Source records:
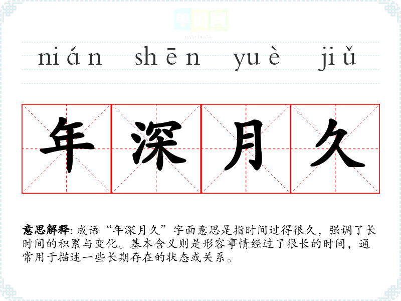成语“年深月久”字面意思是指时间过得很久,强调了长时间的积累与变化。基本含义则是形容事情经过了很长的时间,通常用于描述一些长期存在的状态或关系。
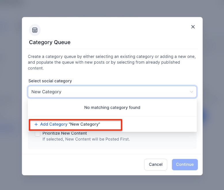 Section titled “Step 3: Select a Category”Select or create a new category on the first screen via the dropdown. Choose the relevant category for which you want to create a queue. For example, you can have categories like “Promotions” or “Tips.”
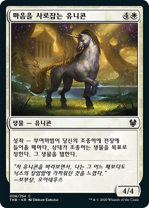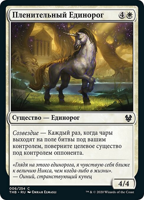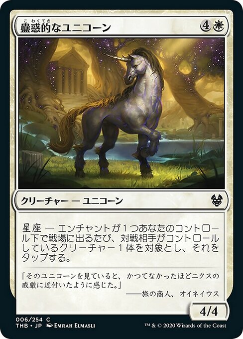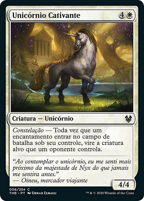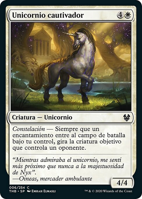 ![]() Variations— Parts— | Captivating Unicorn4 / 4 Constellation — Whenever an enchantment you control enters, tap target creature an opponent controls.
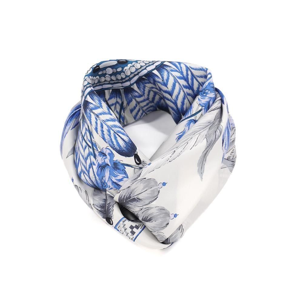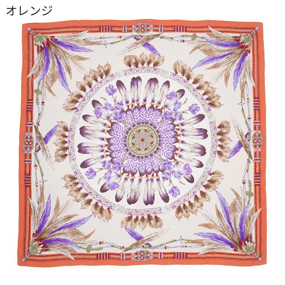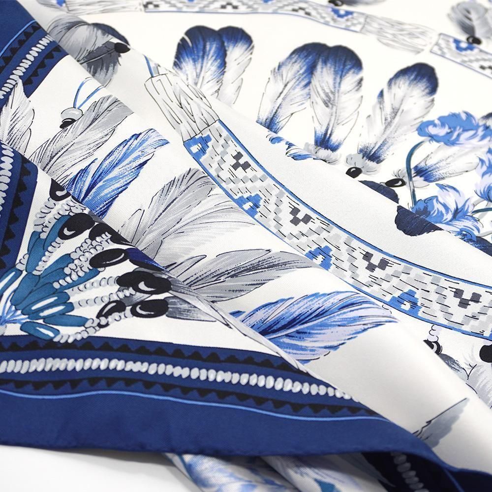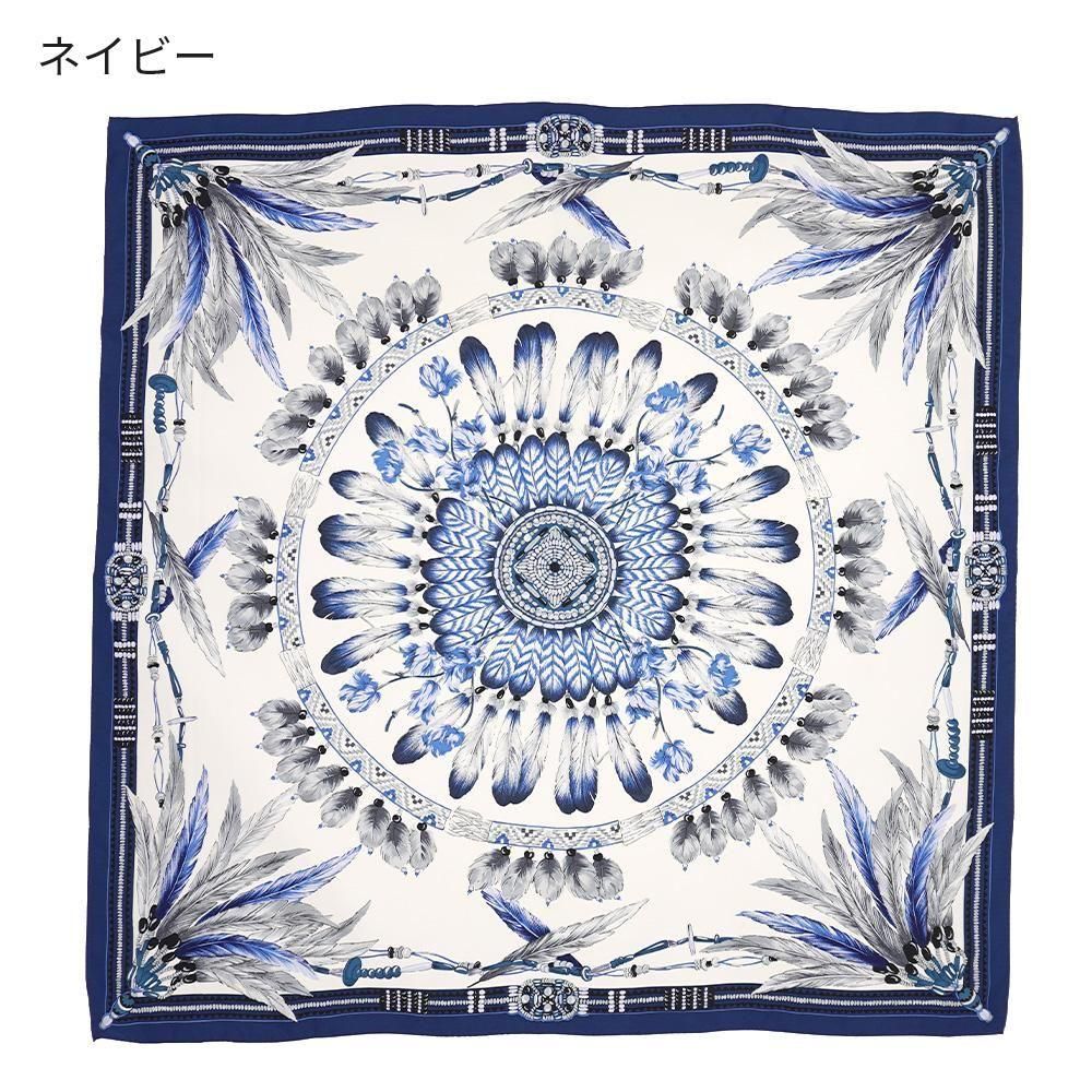 羽根飾り(フェザー)をモチーフとしてスクエアのデザインに丁寧に描いたスカーフです。繊細な羽根の質感まで表現しました。
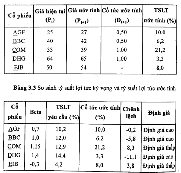 Bàng 3.3 tóm lược mối quan hệ giữa tỷ suất lợi tức yêu cầu của mỗi cổ phiếu dựa ưên rủi ro hệ thống của chủng như đã được tính toán ưước đây và tỷ suất lợi tức ước tính dựa trên giá cả hiện tại, tương lai và cổ tức tương lai của chúng. Sự chênh lệch giữa tỷ suất lợi tức ước tính và tỷ suất lợi tức yêu cầu được gọi là hệ sổ aỉpha của cổ phiếu. Alpha này có thể dương (cổ phiếu bị định giá thấp) và âm (cổ phiếu bị định giá cao). Nếu như alpha bằng 0, cổ phiếu này nằm trên đường SML, và được định giá đúng tương xứng với rủi ro hệ thống của nó.
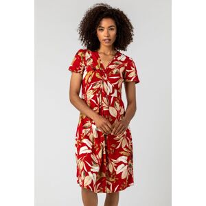 Leaf Print Twist Knot Dress by Roman UK Give your seasonal collection a new flair Romans latest addition is a fit and flare skater dress with a vneck and short sleeves This classic red dress is elevated with a figureflattering twist knot front and eyecatching gold leaf details Ideal for sunny days we think this dress will look great with a denim jacket and sandals or worn with a chic coverup on warmer days Womens Regular fit True to size 100 Viscose Machine Washable VNeckline 100 Viscose

PROBLEM> Please print each entry exactly as given and keep pictures out of it.

RESULT OF THIS TASK>
成语“年深月久”字面意思是指时间过得很久,强调了长时间的积累与变化。基本含义则是形容事情经过了很长的时间,通常用于描述一些长期存在的状态或关系。
 Section titled “Step 3: Select a Category”Select or create a new category on the first screen via the dropdown. Choose the relevant category for which you want to create a queue. For example, you can have categories like “Promotions” or “Tips.”
 ![]() Variations— Parts— | Captivating Unicorn4 / 4 Constellation — Whenever an enchantment you control enters, tap target creature an opponent controls.
 羽根飾り(フェザー)をモチーフとしてスクエアのデザインに丁寧に描いたスカーフです。繊細な羽根の質感まで表現しました。
 Bàng 3.3 tóm lược mối quan hệ giữa tỷ suất lợi tức yêu cầu của mỗi cổ phiếu dựa ưên rủi ro hệ thống của chủng như đã được tính toán ưước đây và tỷ suất lợi tức ước tính dựa trên giá cả hiện tại, tương lai và cổ tức tương lai của chúng. Sự chênh lệch giữa tỷ suất lợi tức ước tính và tỷ suất lợi tức yêu cầu được gọi là hệ sổ aỉpha của cổ phiếu. Alpha này có thể dương (cổ phiếu bị định giá thấp) và âm (cổ phiếu bị định giá cao). Nếu như alpha bằng 0, cổ phiếu này nằm trên đường SML, và được định giá đúng tương xứng với rủi ro hệ thống của nó.
 Leaf Print Twist Knot Dress by Roman UK Give your seasonal collection a new flair Romans latest addition is a fit and flare skater dress with a vneck and short sleeves This classic red dress is elevated with a figureflattering twist knot front and eyecatching gold leaf details Ideal for sunny days we think this dress will look great with a denim jacket and sandals or worn with a chic coverup on warmer days Womens Regular fit True to size 100 Viscose Machine Washable VNeckline 100 Viscose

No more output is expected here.